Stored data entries

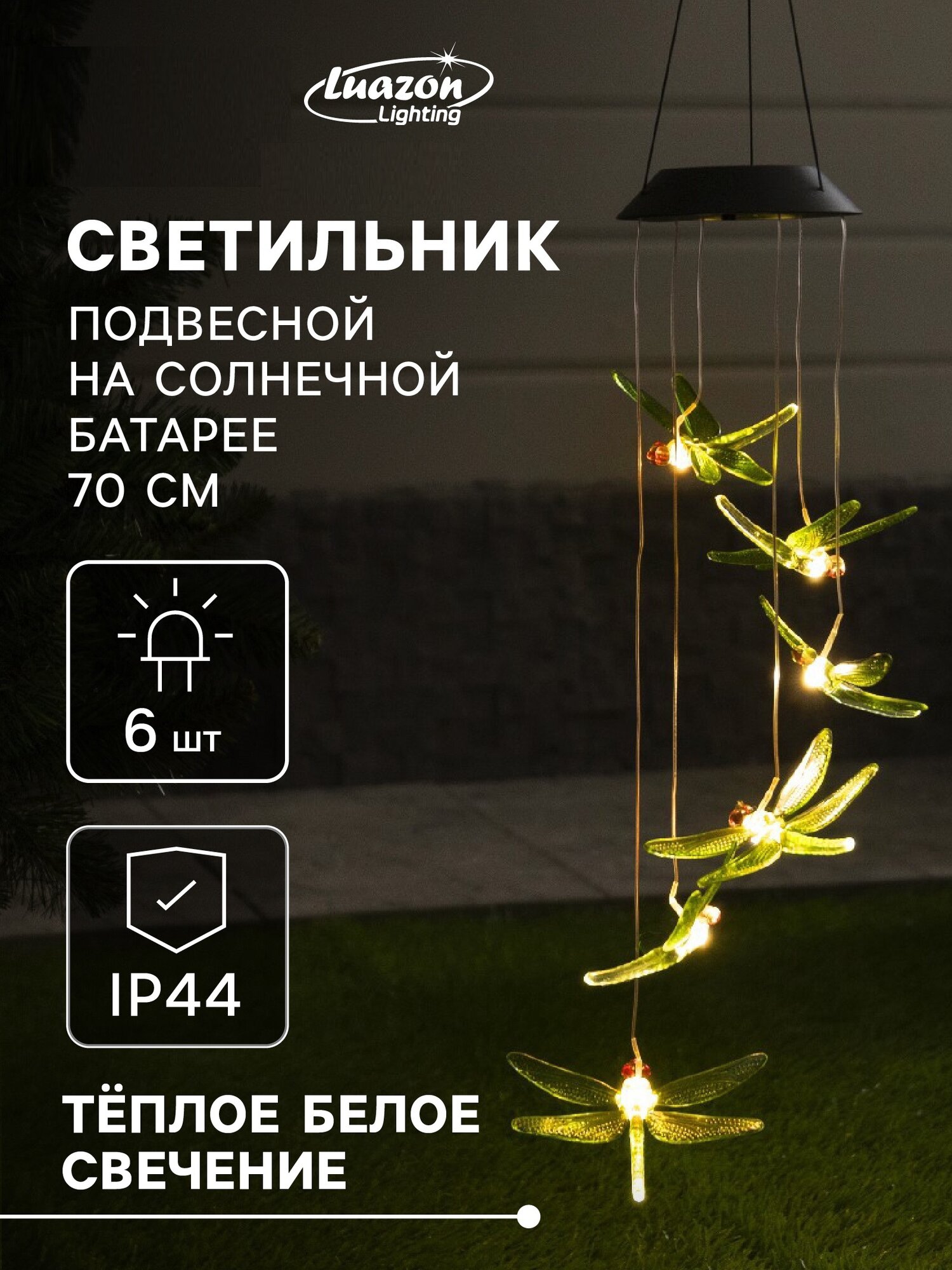 Садовый светильник на солнечной батарее «Стрекозы», 12.5×86×12.5 см, 6 LED, свечение тёплое белое информация:
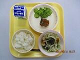 本日の給食は、ごはん、牛乳、カラフル牛丼、ごぼうサラダ、でした。
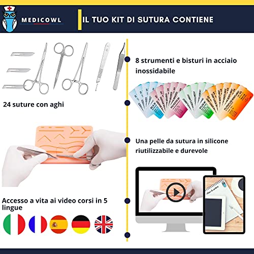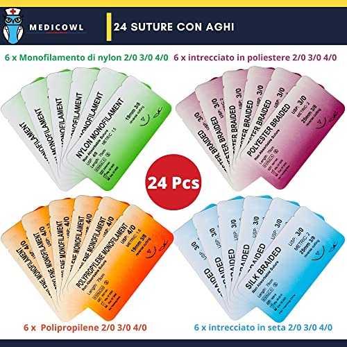 Con un totale di 33 pezzi, Medicowl ti offre il kit di sutura più completo e più fornito sul mercato. Si compone di: Pinza Adson con denti / Impugnatura per bisturi / Forbice Iris / Porta aghi / Pinza emostatica / Simulatore di sutura in silicone / 3 lame per bisturi / 24 fili di sutura in nylon e seta intrecciata. Il tutto è raccolto in una custodia di qualità che permette una perfetta organizzazione degli strumenti e ne facilita il trasporto.
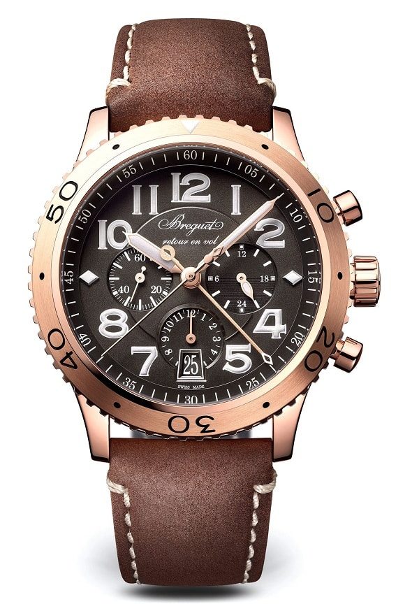 Эстетические коды модели Type XXI 3817 берут начало в богатейшем наследии дома Breguet и его более чем полувековой связи с миром авиации. Автоматический мануфактурный калибр 584Q/2 с кремниевой спиралью баланса по традиции усложнен flyback-хронографом. Циферблат грифельного цвета составляет биколорный ансамбль с корпусом из 18-каратного розового золота.
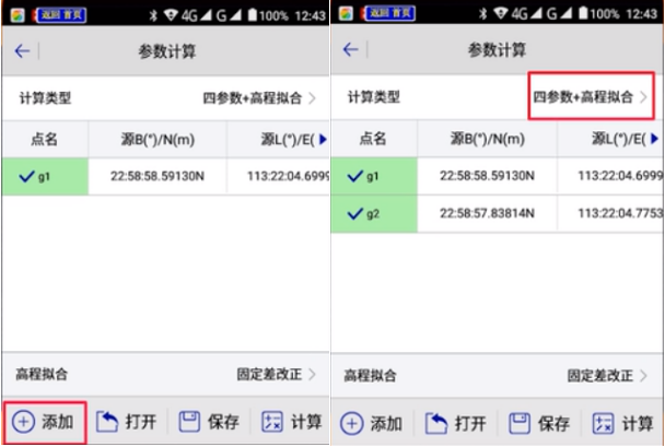 6、回到參數(shù)計算界面,測區(qū)周圍添加至少2個參數(shù),點(diǎn)擊【添加】,與步驟5重復(fù)操作,如圖所示:
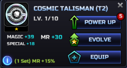 The thing that bothers me most to be honest, is that you can't tell what the augment is until you tap the talisman. Not even on teh pop up reward screen.. you HAVE to go to My Team.. and find it to see what the augment is. I know that if I want an explosion set.. I need to look at red talismans.. if I want predator.. I need to look at blues, etc.. can't do that with Cosmics. you have to tap each and every one. - on a character or not. And.... if I KNOW I have a T3 with X augment somewhere.. I have to tap all 300+ characters to find it - or at least as many as it takes to find.
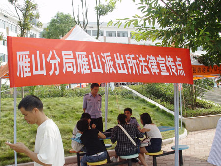 (五)普法宣传、共建平安校园: 今年与往年迎新相比最大的一个亮点是迎新期间学校邀请雁山派出所在三栋广场专门设置了法律宣传点,向新生及其家长派发安全防范手册及治安管理处罚法手册。针对往年的新生报到期间盗窃案与诈骗案件等易于发生的特点,重点加强了对新生防盗防骗意识的教育,同时特别强调要注意加强新生的人生安全保护。此外,校保卫处也加强了对进入校园车辆的引导和管理,确保迎新工作顺利开展。
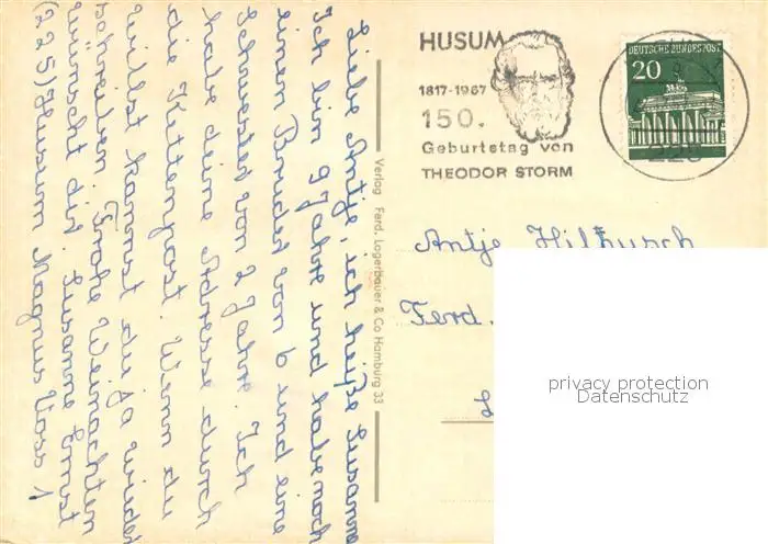 Husum__Nordfriesland Theodor Storm Gedenkstaetten postalisch gelaufen 1967 Erhaltung siehe scans [FriedD77] Frierer
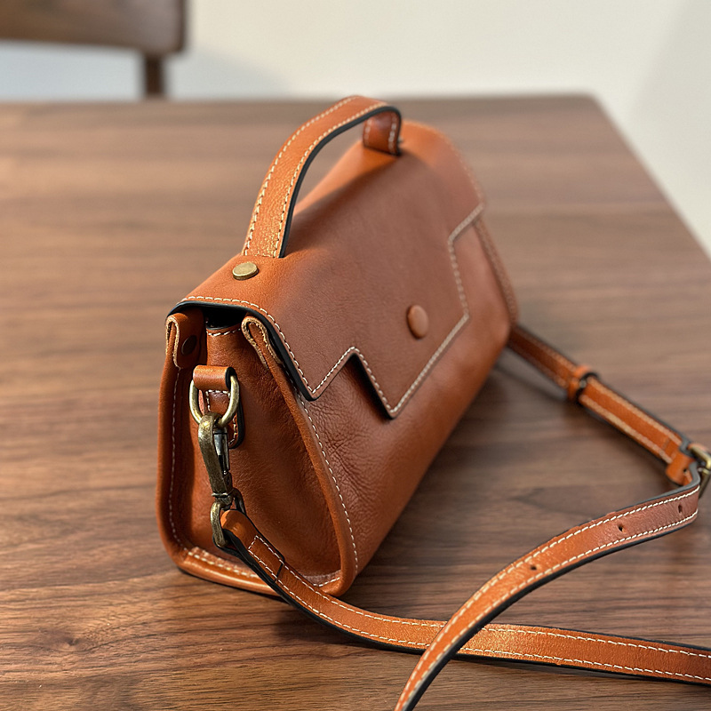 Vintage Genuine Leather Small Bag Women's 2024 Autumn and Winter New Small Square Bag Cowhide Casual Shoulder Crossbody Bag Top Layer Cowhide
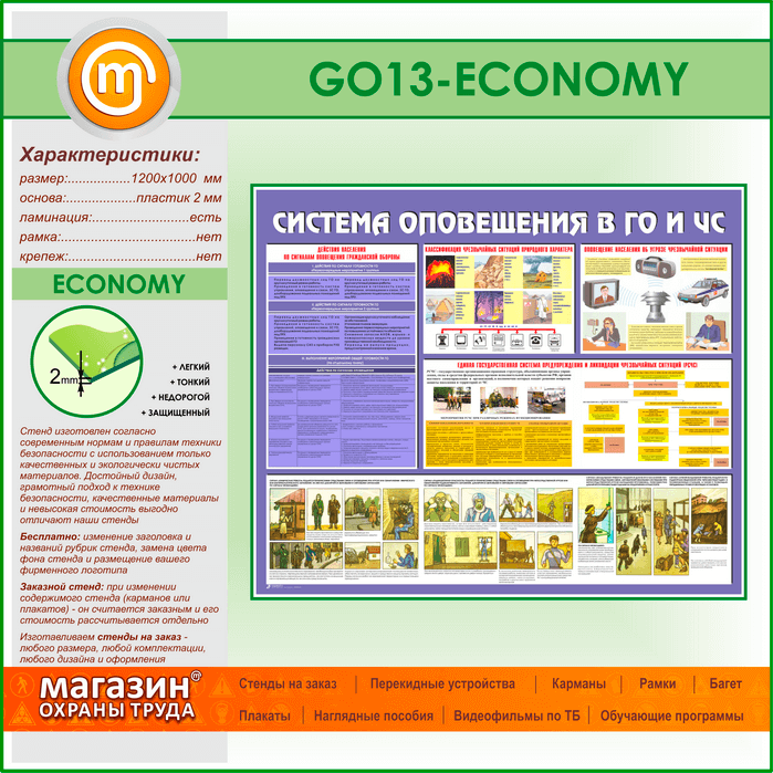 Стенд «Система оповещения в ГО и ЧС» (GO-13-ECONOMY) в Магнитогорске купить
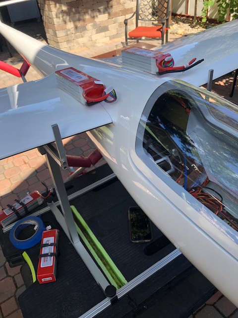 These are fully-molded, mostly Carbon models, white gel-coated, canopy mounted with release mechanism, removable plastic tray, instrument panel, fully hinged surfaces, retract with brake installed, separately-molded doors hinged and torsion spring-loaded, separate wing and elevator servo covers color-matched to contrasting underside color (Red or Anthracite); removable Rudder/Fin assembly means 92-inch fuselage for transport. Wing is 4-section, 8 servos (2 ailerons, 2 flaps, no spoilers), elevator 2-servos, rudder servo installs in the fin base above the tailwheel. Wing and fuselage bags included.
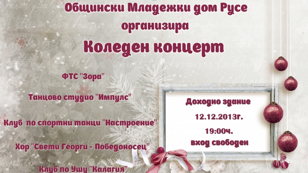 На 12 декември в Доходно здание Общинският младежки дом организира Коледен концерт. Събитието е с начален час 19:00 часа. Участие в него ще вземат Фолклорен танцов състав „Зора“, Танцово студио „Импулс“, Клуб по спортни танци „Настроение“, Хор „Свети Георги – Победоносец“, Клуб по ушу „Калагия“.

> **Work request**: Copy out exactly the lines above beginning with the line that contains "The thing that" and finishing with the line that contains "в Магнитогорске купить", including both; leave the pictures out.

> **The answer**:
 The thing that bothers me most to be honest, is that you can't tell what the augment is until you tap the talisman. Not even on teh pop up reward screen.. you HAVE to go to My Team.. and find it to see what the augment is. I know that if I want an explosion set.. I need to look at red talismans.. if I want predator.. I need to look at blues, etc.. can't do that with Cosmics. you have to tap each and every one. - on a character or not. And.... if I KNOW I have a T3 with X augment somewhere.. I have to tap all 300+ characters to find it - or at least as many as it takes to find.
 (五)普法宣传、共建平安校园: 今年与往年迎新相比最大的一个亮点是迎新期间学校邀请雁山派出所在三栋广场专门设置了法律宣传点,向新生及其家长派发安全防范手册及治安管理处罚法手册。针对往年的新生报到期间盗窃案与诈骗案件等易于发生的特点,重点加强了对新生防盗防骗意识的教育,同时特别强调要注意加强新生的人生安全保护。此外,校保卫处也加强了对进入校园车辆的引导和管理,确保迎新工作顺利开展。
 Husum__Nordfriesland Theodor Storm Gedenkstaetten postalisch gelaufen 1967 Erhaltung siehe scans [FriedD77] Frierer
 Vintage Genuine Leather Small Bag Women's 2024 Autumn and Winter New Small Square Bag Cowhide Casual Shoulder Crossbody Bag Top Layer Cowhide
 Стенд «Система оповещения в ГО и ЧС» (GO-13-ECONOMY) в Магнитогорске купить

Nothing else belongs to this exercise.